-- What you need to do --
Look through the listing below for the line with "At the Press" and the line with "وفسره محمد بن". Copy both, along with every line between them, exactly and with no pictures.

-- Data --

-- Opening Marker --

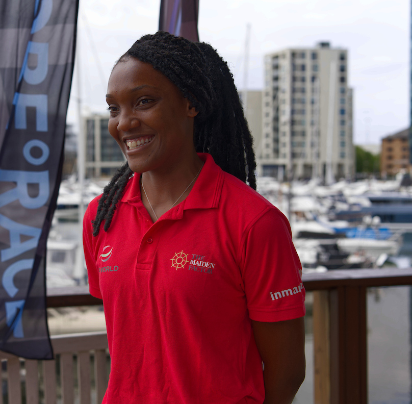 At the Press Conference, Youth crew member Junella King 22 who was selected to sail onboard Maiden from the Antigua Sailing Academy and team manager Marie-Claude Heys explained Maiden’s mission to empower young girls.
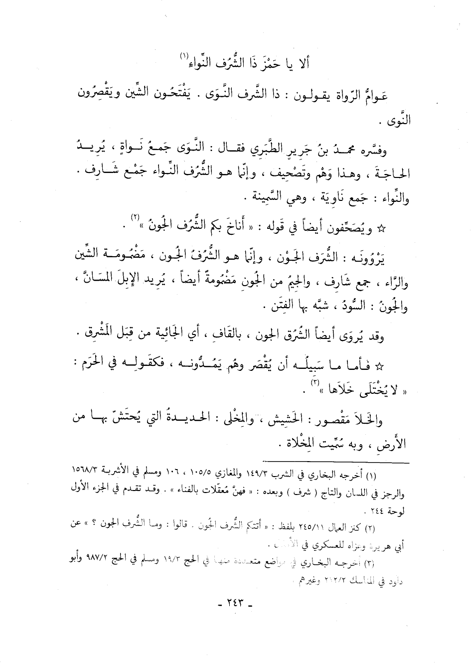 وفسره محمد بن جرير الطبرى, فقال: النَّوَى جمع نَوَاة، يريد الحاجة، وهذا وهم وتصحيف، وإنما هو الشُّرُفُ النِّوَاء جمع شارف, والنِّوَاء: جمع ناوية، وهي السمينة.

-- Closing Marker --
-- Opening Marker --

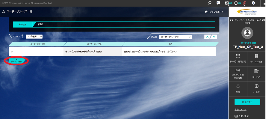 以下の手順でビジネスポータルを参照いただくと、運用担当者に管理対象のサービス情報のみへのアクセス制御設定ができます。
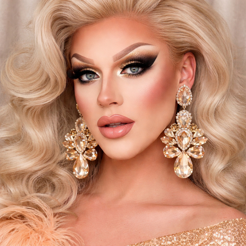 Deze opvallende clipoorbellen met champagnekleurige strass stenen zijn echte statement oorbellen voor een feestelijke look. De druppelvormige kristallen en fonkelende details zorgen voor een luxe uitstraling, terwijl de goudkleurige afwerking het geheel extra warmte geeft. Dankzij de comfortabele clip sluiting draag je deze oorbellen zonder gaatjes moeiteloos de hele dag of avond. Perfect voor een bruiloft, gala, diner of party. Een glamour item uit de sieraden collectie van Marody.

-- Closing Marker --

-- Worked solution --
 At the Press Conference, Youth crew member Junella King 22 who was selected to sail onboard Maiden from the Antigua Sailing Academy and team manager Marie-Claude Heys explained Maiden’s mission to empower young girls.
 وفسره محمد بن جرير الطبرى, فقال: النَّوَى جمع نَوَاة، يريد الحاجة، وهذا وهم وتصحيف، وإنما هو الشُّرُفُ النِّوَاء جمع شارف, والنِّوَاء: جمع ناوية، وهي السمينة.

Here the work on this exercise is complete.